Exploring through Ayub cave is like traveling back to the metal age of the Philippines, circa 500 BC to 500 AD. A unique and fascinating assemblage of archeological find (human faces and figures in earthenware medium) that depicts Sarangani’s cultural wealth was excavated here.

These potteries were used as secondary burial jars. Its coverings were molded as human heads emulating different facial expressions of happiness, contentment, and even a trace of desolation. Such were shaped artistically tracing the most conservative detail of the human face that can still be seen in the broken fragments of the jars outside the cave... retaining their natural color even up to now.

Some of the artifacts collected are now displayed in the National Museum while others are kept by some of the residents nearby the cave.

Ayub cave is made up of Miocene limestone formation. The opening is about two meters wide and two meters high, sloping downward to at least 20 degrees angle and extending a length of 11 meters from the entrance. But earthquakes, which cropped up sometime in 1970s to 1990s widened the cave’s opening.

Ayub cave is located at Barangay Pinol in Maitum, about 50 meters away from the national highway and approximately 30-minute ride from the Poblacion. Surrounding plants have, however, made this cave unnoticed.



CENTURY-OLD HOUSES

Set in seemingly-classical downtown Glan are several ancestral houses mostly built in the early part of 1900s. The imposing balconies, canopies, and walls of “kalados” and concrete stepboards leading to wide wooden staircases will certainly awe-inspire antique trippers.

Some of them even hold striking collections of prized oriental sets and other precious antiques displayed right in the drawing room. The municipal government of Glan preserves the ancestral houses taking pride of its ancestors’ birthright.


CAPITOL PARK

Visiting travelers cannot help but marvel at the grandeur of the Provincial Capitol Building, which also houses offices of national line agencies. They say it is unrivaled. Some of them even dubbed it the reenacted “White House” in Southern Mindanao.

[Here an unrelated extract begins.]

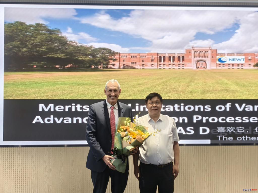 新闻网讯 5月26日上午,国际环境领域著名专家、美国工程院和科学院院士、中国工程院外籍院士Pedro J. Alvarez教授受邀来访我校并作"Merits and Limitations of Various Advanced Oxidation Processes for PFAS Degradation"专题讲座。副校长李荣贵出席报告会并致辞。报告会由环境与地理科学学院修宗明教授主持,学院党委书记张作祥、院长佘希林等共计200余名师生代表参加。
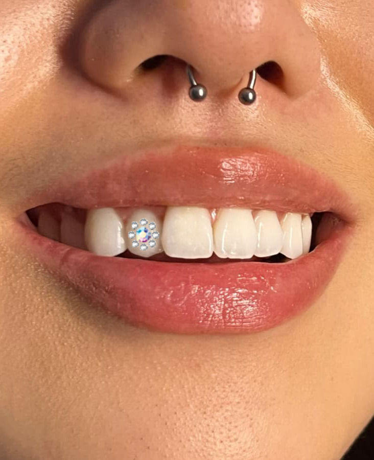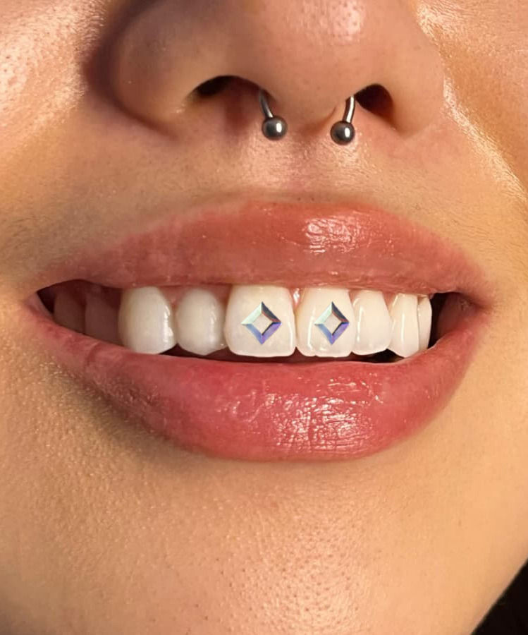 Single shaped crystal Tooth Gem (star, heart, rectangle, square etc.), including application

To see the imposing Provincial Capitol Building becomes, in most cases, the object of some visitors in going to Alabel, the capital town of the province.

Equally drawing attention is the Kasfala Hall that accentuates even more the beauty and the value of the park. True to its Blaan name, which means “deliberation,” the well-designed edifice serves as a sheer witness to the many issues and concerns deliberated and resolved in seminars, trainings, conferences, consultations and the like.

Strategically enclosed in a 26-hectare lot, the capitol park is a huge landmark of untiring devotion and excellence by concerned leaders who were instruments of unification and development of its people.

Other facilities like the FVR rest house and pool, cultural center and gymnasium, training center, and sports complex complete its almost pronounced coziness.



SARANGANI GOLF & COUNTRY CLUB

The 18-hole Golf Course and Country Club at Sitio Pulatana, Malandag, Malungon lies in a well-landscaped of verdant grasses and trees. It is only a 30-minute leisure-drive from the town proper of Sarangani’s capital town Alabel and 40-minute from neighboring city of General Santos.

For golf fanatics, the place is just right to unwind.

Its two-story native-inspired refreshment cottage can provide an outright vista of the golf course’s backdrop, Mt. Matutum.